For numerous developers across various regions, the default repository download speeds are less than optimal. To address this concern, we have curated a selection of verified public mirror templates tailored for specific regions with a significant local developer presence. For instance, we provide the repositories-cn.template template for developers situated within the expanse of the Chinese mainland, and the repositories-asia.template template designed for developers across the Asian continent.

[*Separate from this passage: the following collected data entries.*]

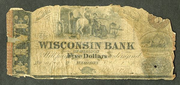 Madison, Wisconsin. $5, Issued, WI-45-Unlisted. Unlisted in Haxby. Black with no under print, Men and boy with horses in middle, seal at right, Almost Good to Good with missing top right corner and parts of the top left border, still extremely rare and possibly impossible to find. WHW.
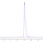 The protein has a predicted MW of 18.73 kDa. Due to glycosylation, the protein migrates to 45-50 kDa based on Tris-Bis PAGE result.
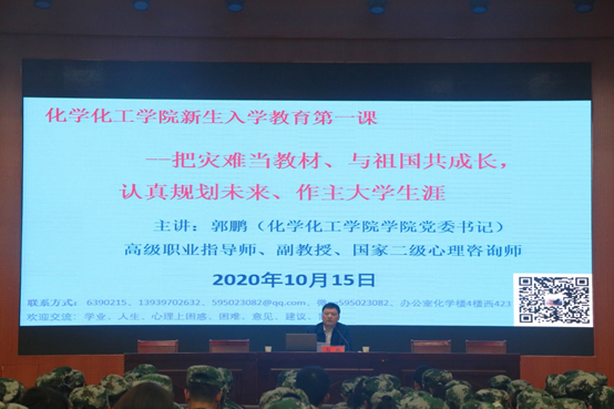 郭鹏宣讲学习贯彻《习近平总书记在全国抗击新冠肺炎疫情表彰大会上讲话》精神,以“弘扬伟大抗疫精神,做好人生规划,做主大学生涯”为主题,为2020级新生开讲了“新生入学教育第一课”。他强调,2020年是不平凡的一年,年初发生了突如其来的新冠肺炎疫情,病毒突袭而至,疫情来势汹汹,是百年来全球发生的最严重的传染病大流行,是新中国成立以来我国遭遇的传播速度最快、感染范围最广、防控难度最大的重大突发公共卫生事件。在党中央坚强领导下,迅速果断地采取严格措施,很好地控制住了疫情,党团结带领全国各族人民,进行了一场惊心动魄的抗疫大战,经受了一场艰苦卓绝的历史大考,付出巨大努力,取得抗击新冠肺炎疫情斗争重大战略成果,创造了人类同疾病斗争史上又一英勇壮举。回眸此次疫情“大考”,抗疫斗争伟大实践再次证明:中国共产党所具有的无比坚强的领导力,是风雨来袭时中国人民最可靠的主心骨;中国人民所具有的不屈不挠的意志力,是战胜前进道路上一切艰难险阻的力量源泉;中国特色社会主义制度所具有的显著优势,是抵御风险挑战、提高国家治理效能的根本保证;新中国成立以来所积累的坚实国力,是从容应对惊涛骇浪的深厚底气;社会主义核心价值观、中华优秀传统文化所具有的强大精神动力,是凝聚人心、汇聚民力的强大力量;构建人类命运共同体所具有的广泛感召力,是应对人类共同挑战、建设更加繁荣美好世界的人间正道。我国国家治理体系和治理能力再次显现出强大生命力。抗疫斗争中产生的“生命至上、举国同心、舍生忘死、尊重科学、命运与共”伟大抗疫精神,正成为推动国家治理现代化的强大精神力量。疫情防控人民战争、总体战、阻击战的重大战略成果,已时刻教育大家,对青年大学生的学业起航、人生发展具有十分重要的指导意义,希望大家要准确解读、自觉弘扬。要积极参与“把灾难作教材,与祖国共成长”主题教育系列活动,把新生入学教育中的理想信念教育、专业思想教育、学业指导教育、职业规划教育、人生导航教育、爱国主义教育、心理健康教育、安全意识形态等专题教育贯通起来,把握方向,打牢基础,扣好人生“第一粒扣子”,争做“有信念、有纪律、有品行、有作为”新时代“四有”好青年。

In such cases, the following command can be employed to enhance dependency download speeds:

cp build/sbt-config/repositories-cn.template build/sbt-config/repositories-local

Furthermore, it is strongly encouraged that developers from various regions contribute templates tailored to their respective areas.

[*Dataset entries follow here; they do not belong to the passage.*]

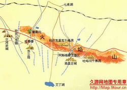 出七泉湖镇沿七芒公路南行,周围是寸草不生的茫茫戈壁,远望光秃秃蜿 蜓起伏的红色火焰山坐落其间,大约行走10多公路就进入了狭长的火焰山
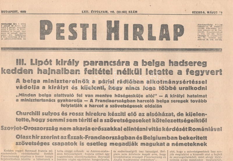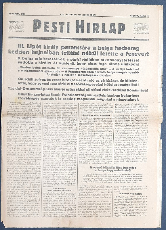 "III. Lipót király parancsára a belga hadsereg kedden hajnalban feltétel nélkül letette a fegyvert -- A belga miniszterelnök a párisi rádióban alkotmánysértéssel vádolja a királyt és kijelenti, hogy nincs joga többé uralkodni -- "Minden belga alattvaló fel van mentve hűségesküje alól" -- A királyi hatalmat a minisztertanács gyakorolja -- A Franciaországban harcoló belga seregek tovább folytatják a harcot a szövetségesek oldalán -- Churchill sulyos s rossz hirekre késziti elő az alsóházat, de kijelentette, hogy semmi sem tériti el a szövetségeseket kötelezettségeiktől -- Szovjet-Oroszország nem akarja erőszakkal elintézni vitás kérdését Romániával -- Olasz hir szerint az Észak-Franciaországban és Belgiumban bekeritett szövetséges csapatok is esetleg megadják magukat a németeknek." Félbehajtva, jó állapotban.
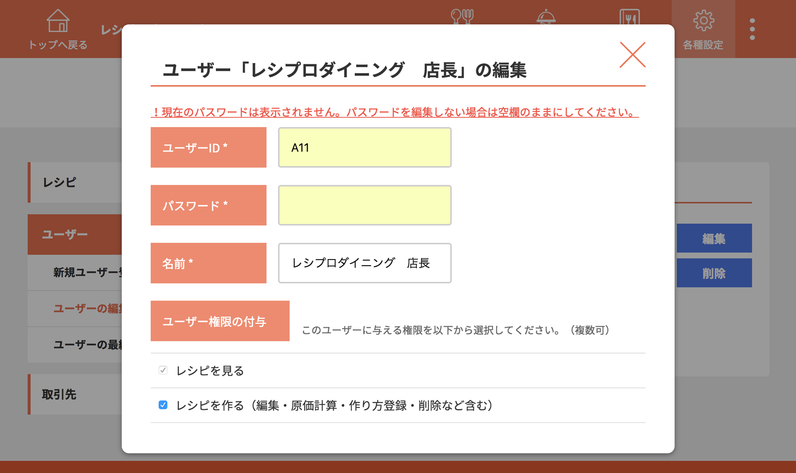 ユーザーの編集
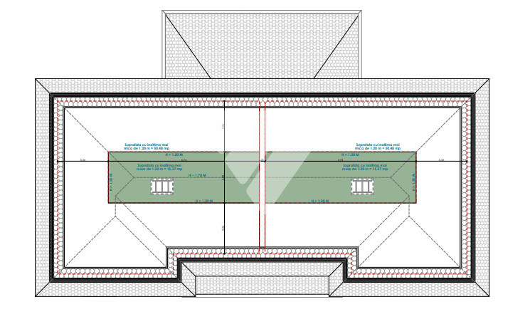 - Acoperiș tip șarpantă din lemn, țiglă ceramică gri;
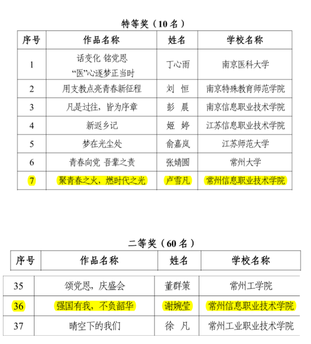 近日,由省委教育工委、省教育廳主辦(bàn)的“奮進新征程,青春勇擔當”全省大學(xué)生征文比賽結果揭曉,常州信(xìn)息職業技術學院獲征文比賽特等獎1項、二等獎1項。

!!! note 1. build/sbt-config/repositories-local takes precedence over build/sbt-config/repositories and is ignored by .gitignore. 2. Should the environment variable DEFAULT_ARTIFACT_REPOSITORY be set, it attains the highest priority among non-local repositories. 3. Repository priority is determined by the file order; repositories listed earlier possess higher precedence.

Similarly, if your objective involves compiling and packaging within an intranet environment, you can edit build/sbt-config/repositories-local as demonstrated below:

[repositories]
  local
  mavenLocal: file://${user.home}/.m2/repository/
  private: ${celeborn.sbt.default.artifact.repository-file:///dev/null}
  private-central: https://example.com/repository/maven/
  private-central-http: http://example.com/repository/maven/, allowInsecureProtocol

allowInsecureProtocol is required if you want to use a repository which only supports HTTP protocol but not HTTPS, otherwise, an error will be raised (insecure HTTP request is unsupported), please refer to the sbt Launcher Configuration.

For more details on sbt repository configuration, please refer to the SBT documentation.

Publish

SBT supports publishing shade clients (Spark/Flink/MapReduce) to an internal Maven private repository, such as Sonatype Nexus or JFrog.

Before executing the publish command, ensure that the following environment variables are correctly set:

Environment Variable Description
ASF_USERNAME Sonatype repository username
ASF_PASSWORD Sonatype repository password
SONATYPE_SNAPSHOTS_URL Sonatype repository URL for snapshot version releases, default is "https://repository.apache.org/content/repositories/snapshots"
SONATYPE_RELEASES_URL Sonatype repository URL for official release versions, default is "https://repository.apache.org/service/local/staging/deploy/maven2"

For example:

export SONATYPE_SNAPSHOTS_URL=http://192.168.3.46:8081/repository/maven-snapshots/
export SONATYPE_RELEASES_URL=http://192.168.3.46:8081/repository/maven-releases/
export ASF_USERNAME=admin
export ASF_PASSWORD=123456

Publish the shade client for Spark 3.5:

$ ./build/sbt -Pspark-3.5 celeborn-client-spark-3-shaded/publish

Publish the shade client for Spark 4.0:

$ ./build/sbt -Pspark-4.0 celeborn-client-spark-4-shaded/publish

Publish the shade client for Flink 1.18:

$ ./build/sbt -Pflink-1.18 celeborn-client-flink-1_18-shaded/publish

Publish the shade client for MapReduce:

$ ./build/sbt -Pmr celeborn-client-mr-shaded/publish

Make sure to complete the necessary build and testing before executing the publish commands.